Tablo’s intention to exercise the NCPE
necessitated an amendment to the Voting and Investor Rights
Agreement among the Company, Miminvest SA, Mr. Mimran and Tablo
(the “Mimran Group”) executed in October 2015 (the
“Voting Agreement”), which established a cap of
19.9% on the Mimran Group’s equity ownership position in the
Company. The revised Voting Agreement provides for the
following amendments: (i) extending its term for a further two
years, expiring October 15, 2020; (ii) authorizing Tablo to
increase its equity ownership position in Teranga from 19.9% to
29.9% (the “Share Ownership Cap”); and (iii)
offering Mr. Mimran the right to nominate an additional director
nominee to the board once and for so long as Tablo has acquired an
ownership position of 25% or more in the Company’s Shares.
Tablo’s rights to acquire Shares up to the Share
Ownership Cap are subject to compliance with applicable Canadian
securities laws and include the following terms:
- up to 5% of the Teranga’s Shares, may be acquired by Tablo over
the next twelve months under the NCPE; and
- a subsequent amount to be acquired up to the Share Ownership
Cap in a manner and timing to be determined by the board of
directors of Teranga.
All other terms of the Voting Agreement,
including voting restrictions as well as pro-rata equity
participation rights for Tablo and Mr. Mimran, remain unchanged and
will continue to apply for the benefit of both parties through the
extended term.
All of the foregoing references to percentages
of issued and outstanding Shares refer to issued and outstanding
Shares calculated on a non-diluted basis.

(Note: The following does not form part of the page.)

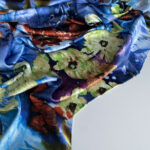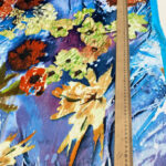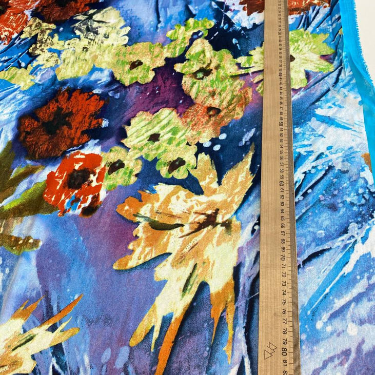 Дизайн тканини нагадує картину, написану аквареллю: на глибокому синьо-блакитному фоні плавно розкриваються великі квіти в коричневих і карамельних відтінках

Copies of Tablo’s press release, early warning
report, and amended Voting Agreement have been filed on SEDAR at
www.sedar.com.
About Teranga
Teranga is a multi-jurisdictional West African
gold company focused on production and development as well as the
exploration of more than 5,000km2 of land located on prospective
gold belts. Since its initial public offering in 2010,
Teranga has produced more than 1.3 million ounces of gold from its
operations in Senegal. Focused on diversification and growth,
the Company is advancing its Banfora development project, and is
conducting extensive exploration programs in three countries:
Burkina Faso, Senegal and Côte d’Ivoire. As at June 30, 2017,
Teranga has a reserve base of nearly 4.0 million ounces of gold, a
strong balance sheet and the financial flexibility to grow its
business.
Steadfast in its commitment to set the benchmark
for responsible mining, Teranga operates in accordance with the
highest international standards and aims to act as a catalyst for
sustainable economic, environmental, and community development as
it strives to create value for all of its stakeholders.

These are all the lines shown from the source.